Bannister started his running career at Oxford in the autumn of 1946 at the age of 17. He had never worn running spikes previously or run on a track. His training was light, even compared to the standards of the day, but he showed promise in running a mile in 1947 in 4:24.6 on only three weekly half-hour training sessions.

He was selected as an Olympic "possible" in 1948 but declined as he felt he was not ready to compete at that level. However, he was further inspired to become a great miler by watching the 1948 Olympics.
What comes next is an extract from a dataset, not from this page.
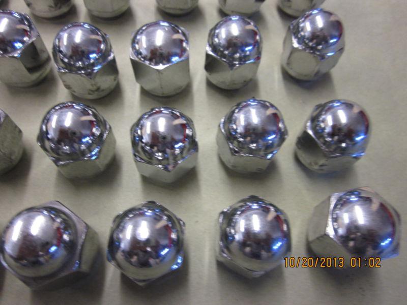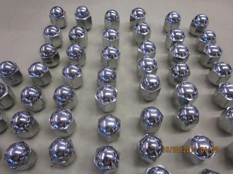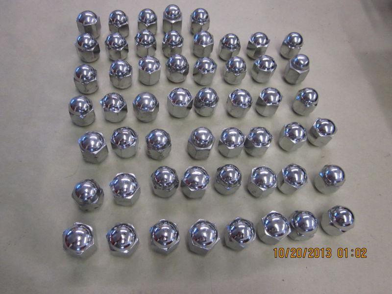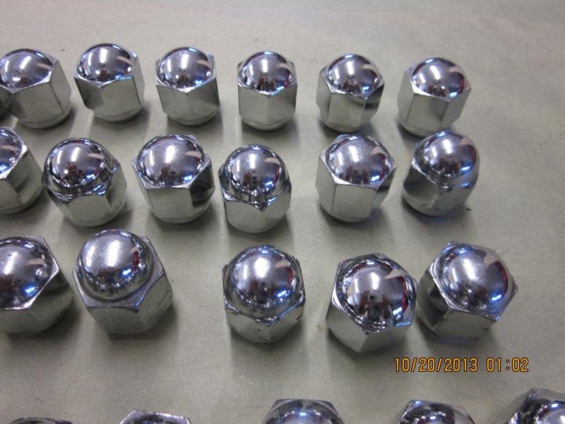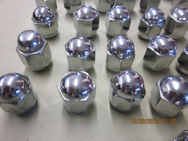 UP FOR BID IS A LARGE LOT OF USED CHROME PLATED LUG NUTS FOR A MODEL A FORD. THERE IS 53 IF I COUNTED CORRECTLY. SOME OF THEM HAVE SOME SMALL AMOUNT OF LUG WRENCH SCARING AND OTHER I CAN'T TELL IF THEY HAVE EVER BEEN USED. I HAVE CHANGED THE A WHEELS ON MY CARS TO MODERN WHEELS AND THESE USE DIFFERENT NUTS. SOLD AS IS.

He set his training goals on the 1952 Olympics in Helsinki.

In 1949, he improved in the 880 yd run to 1:52.7 and won several mile races in 4:11. Then, after a period of six weeks with no training, he came in third at White City in 4:14.2.

The year 1950 saw more improvements as he finished a relatively slow 4:13-mile on 1 July with an impressive 57.5 last quarter. Then, he ran the AAA 880 in 1:52.1, losing to Arthur Wint, and then ran 1:50.7 for the 800 m at the European Championships on 26 August, placing third. Chastened by this lack of success, Bannister started to train harder and more seriously.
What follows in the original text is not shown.